In writing “The God Box,” Neu learned that prayer recognizes that she was not able to do everything herself. While studies demonstrate that prayer lowers blood pressure, decreases depression and anxiety and lowers mortality rates, for her, it was a calm for her racing mind, and a “tent for which to hide,” and away from the noise of her fears. “I can rest in God and know that all will be well,” she said. “And I believe in miracles, but we don’t always get the miracle we ask for. Sometimes the miracle happens in us. It’s like the peace advocate who is asked if he really believes that his picketing will make a difference because nothing every changes. He replies that things may not change, but he does. I prayed to be healed completely. The miracle stories in Scripture gave me the courage to ask that boldly. ‘Ask and you will receive,’ became my mantra.”
Despite Neu’s recovery from cancer, she realizes that many who pray as she did, who demonstrate faith in God’s healing, will lose their battle with cancer, or will lose someone dear to their heart. She reminds them of Christ’s suffering in the garden of Gethsemane.
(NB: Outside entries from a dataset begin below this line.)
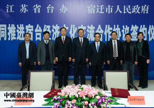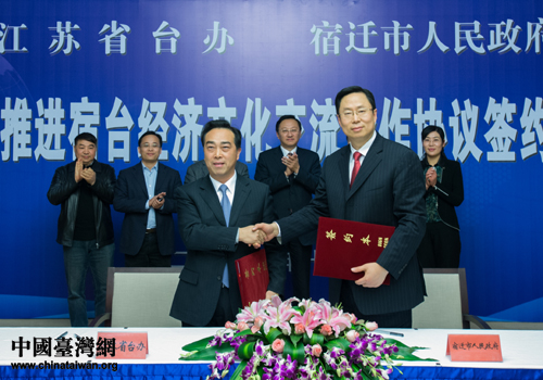 宿遷市人民政府與江蘇省臺辦簽訂共同推進宿臺經濟文化交流合作協議簽約現場。(圖片來源:宿遷市臺辦)
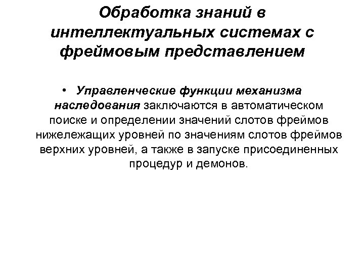 Обработка знаний в интеллектуальных системах с фреймовым представлением • Управленческие функции механизма наследования заключаются в автоматическом поиске и определении значений слотов фреймов нижележащих уровней по значениям слотов фреймов верхних уровней, а также в запуске присоединенных процедур и демонов.
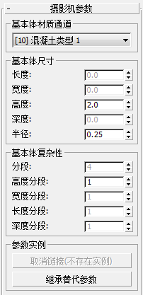 这些控件更改沿基本体对象尺寸的分段数。禁用与选定对象类型无关的所有微调器控件。
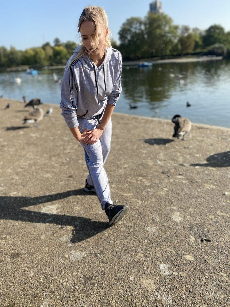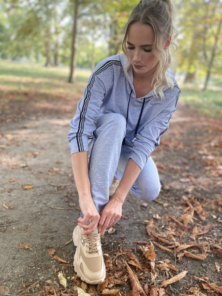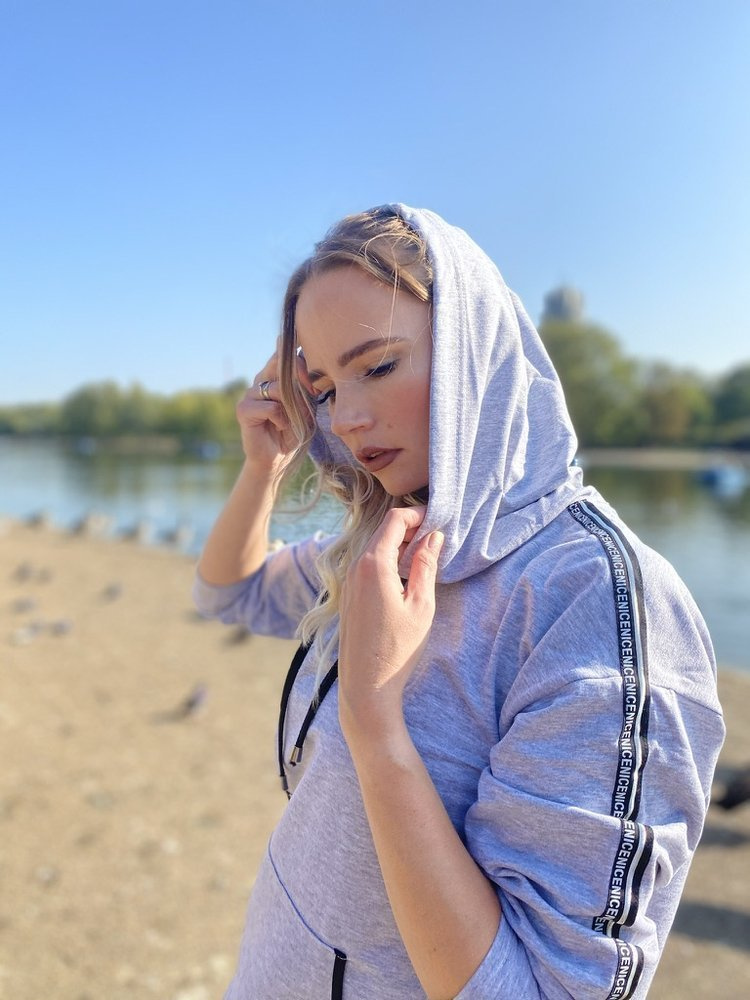 Cómodo chándal de mujer de material agradable al cuerpo. Sudadera de manga larga con capucha. A nivel abdominal, la bolsa. Pantalones con bolsillos. Cinturón con cordón de ajuste. Mangas y perneras ribeteadas con letras.
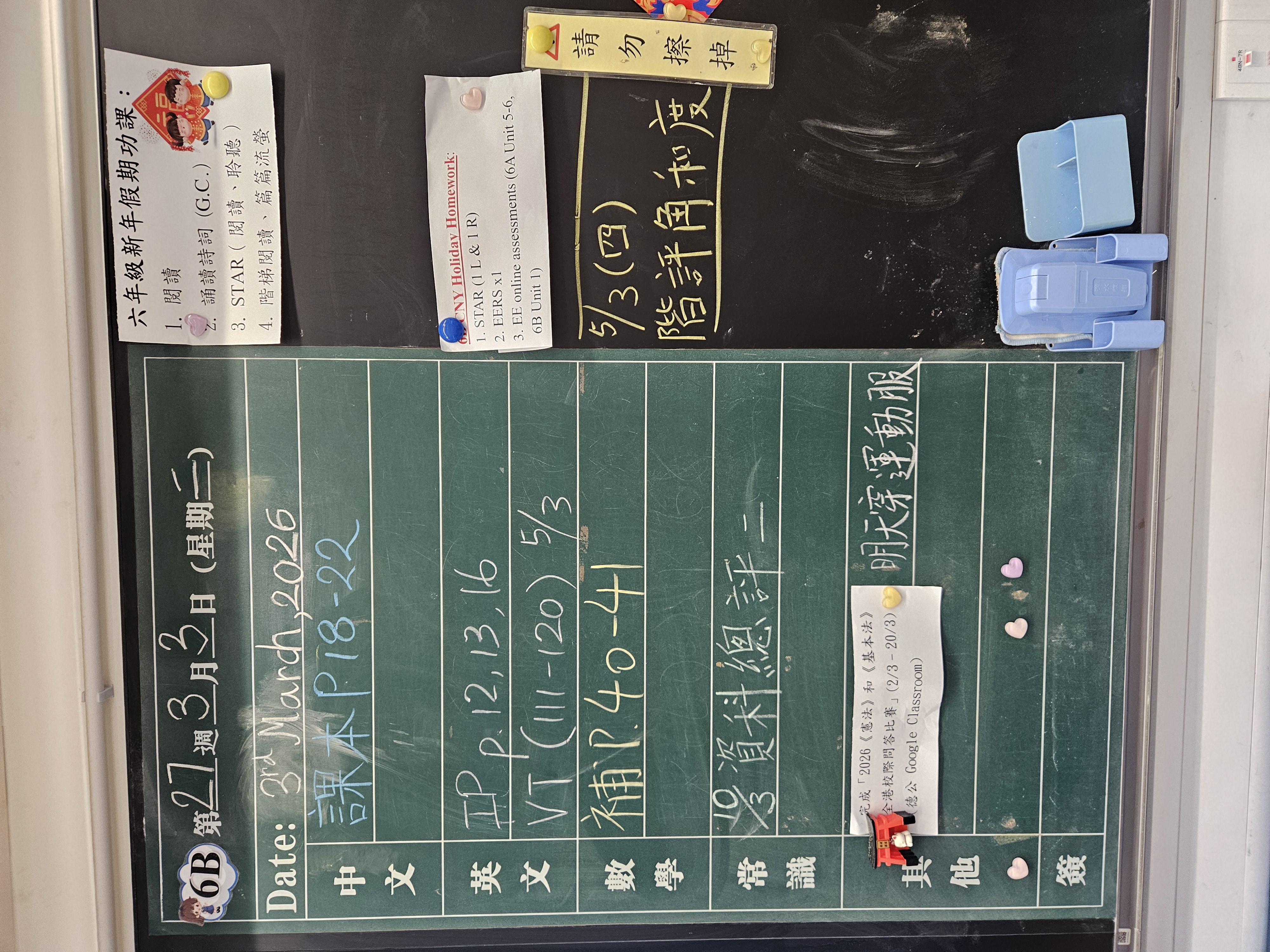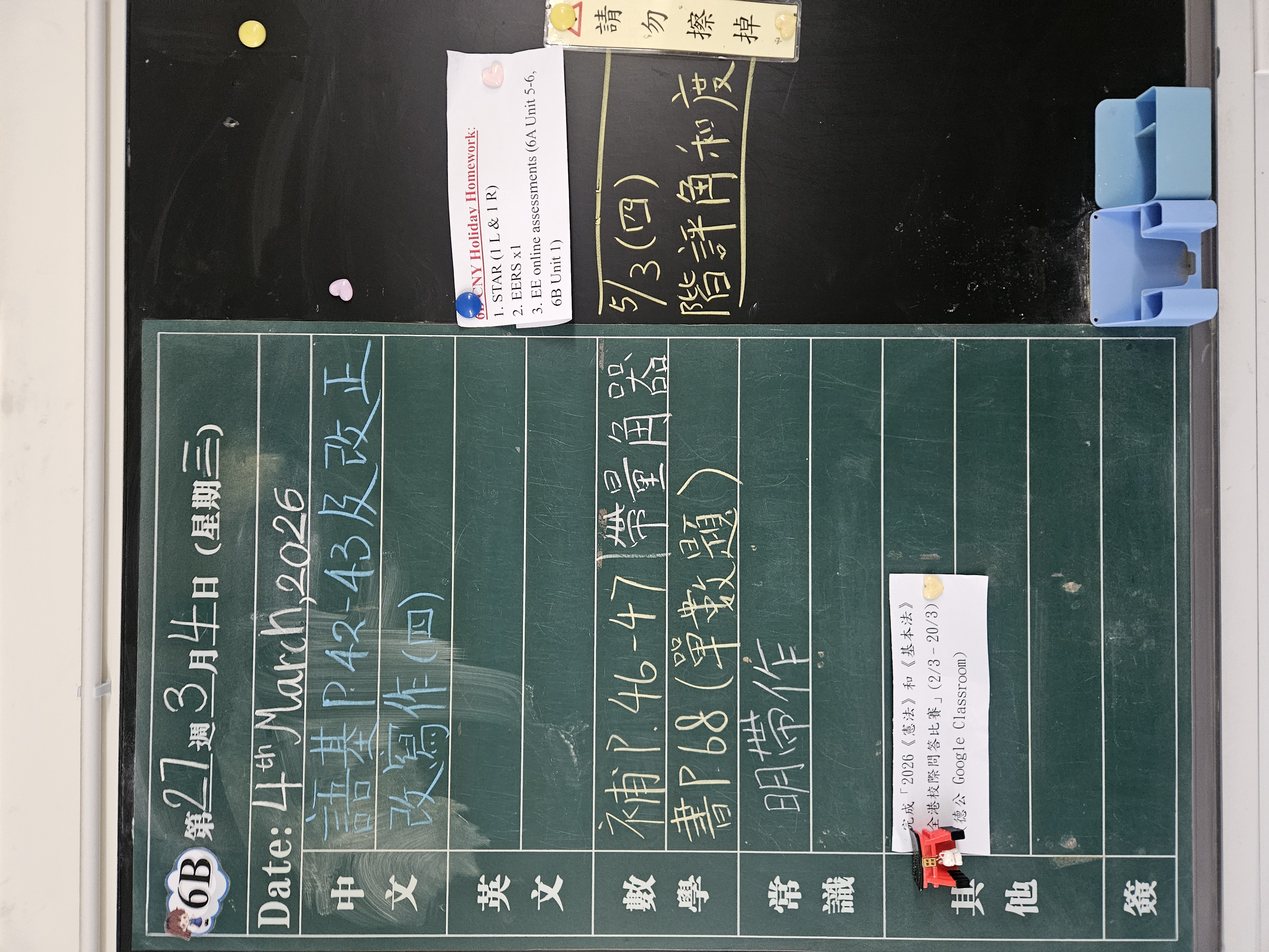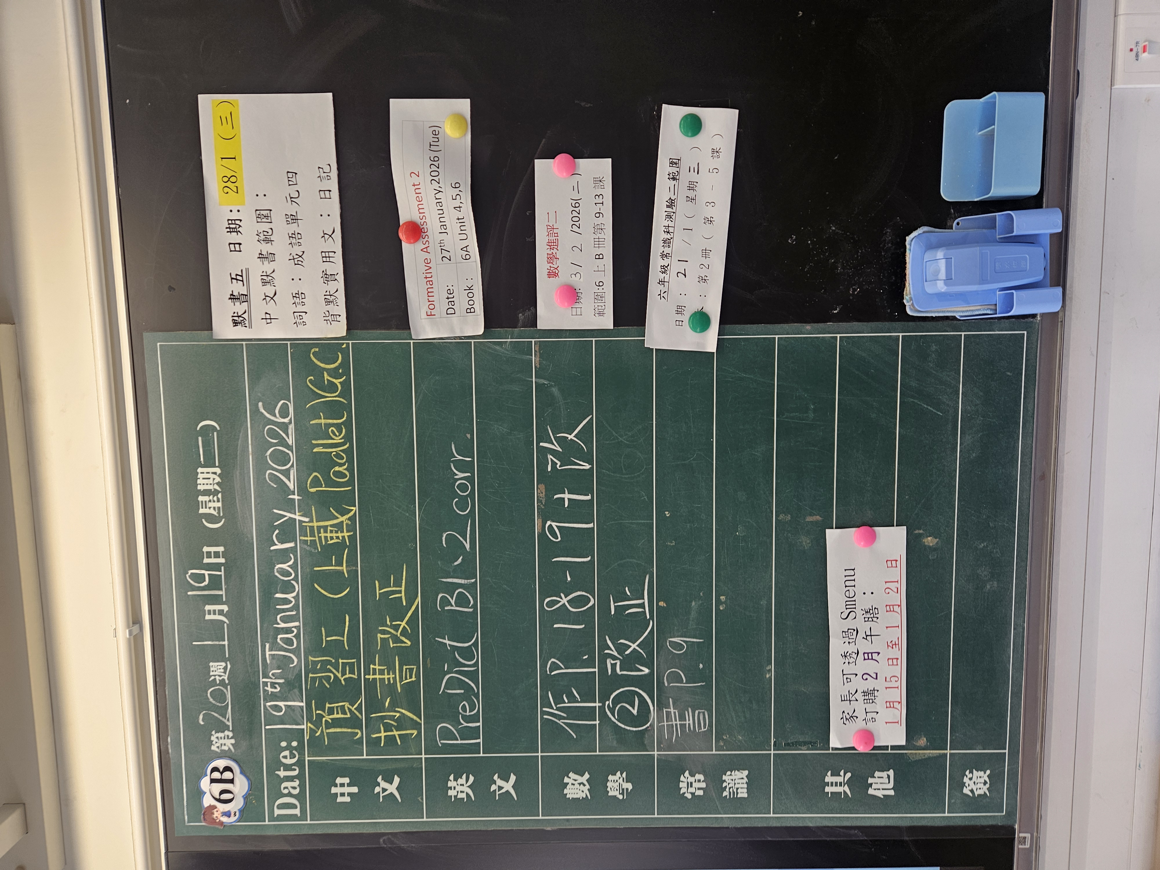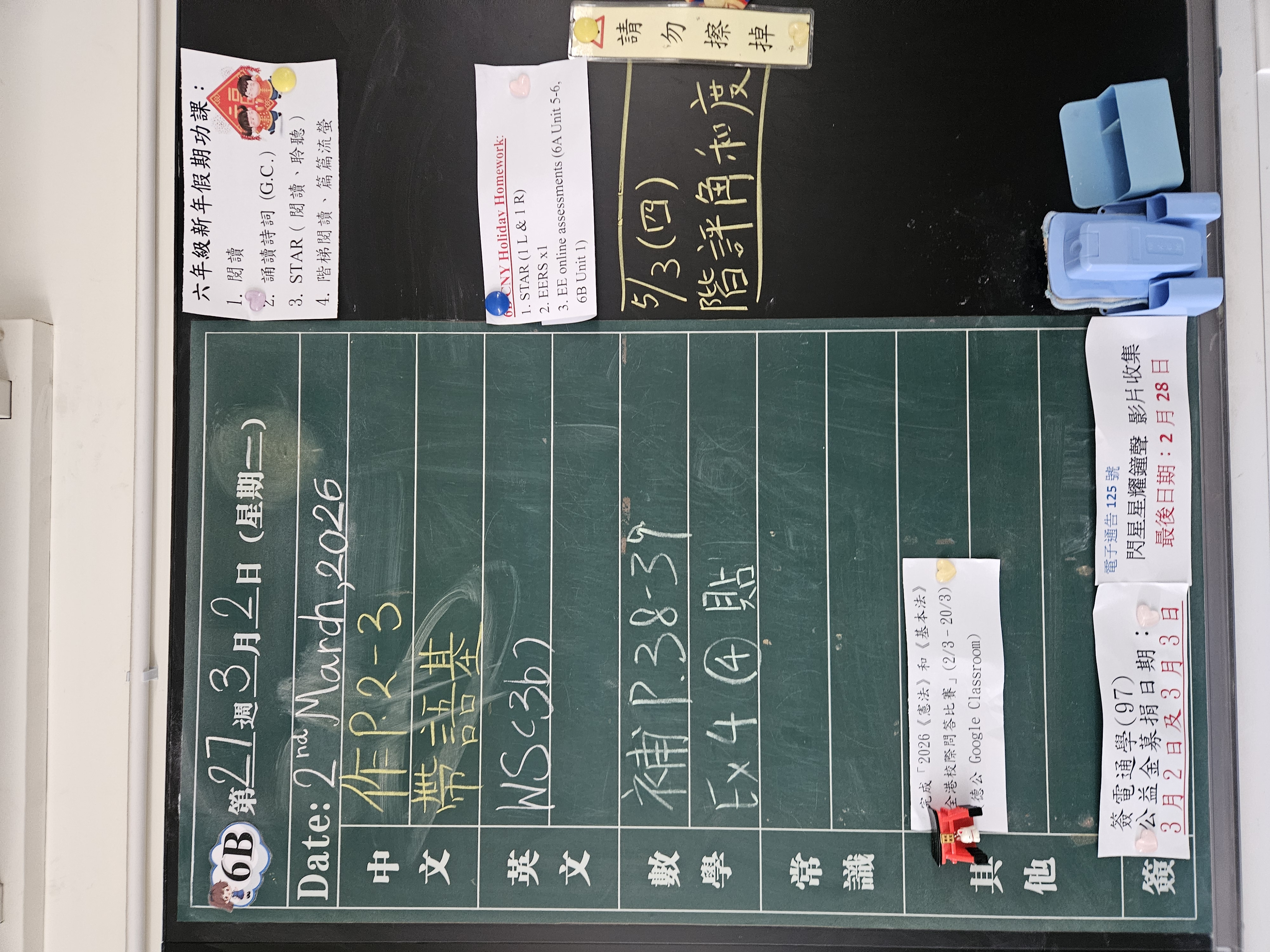 | 6B | 星期一 | 星期二 | 星期三 | 星期四 | 星期五 |

“He asked, ‘Father, let this cup pass.’ It didn’t. Yet, through this death, redemption came,” said Neu. “I believe the same is possible for us. Death is a part of life. But, it is not the end.”
The book, which took Neu a couple of years to write, has struck a chord with those suffering with cancer and those who want to draw closer to Christ.
“People tell me it is a fast, easy read, that it is like having a conversation and they believe that what I say is true,” she said.
“It’s a book they can return to again and again. One person described it this way, ‘It’s not a start to finish book, but a jump around sampler read parts over book.’ One of my former high school students who is now a mom to teenagers herself tells me that the inclusion of trusted Web sites helps her guide her kids. My young adult house sitter said she couldn’t put the book down. She began reading it in the tub and didn’t know when to get out. Took it to Starbucks the next day and overstayed. Then curled up on the couch to finish it. She cried and laughed and prayed through all the prayers in the book – prayers she’ll return to often now that she knows they’re here.”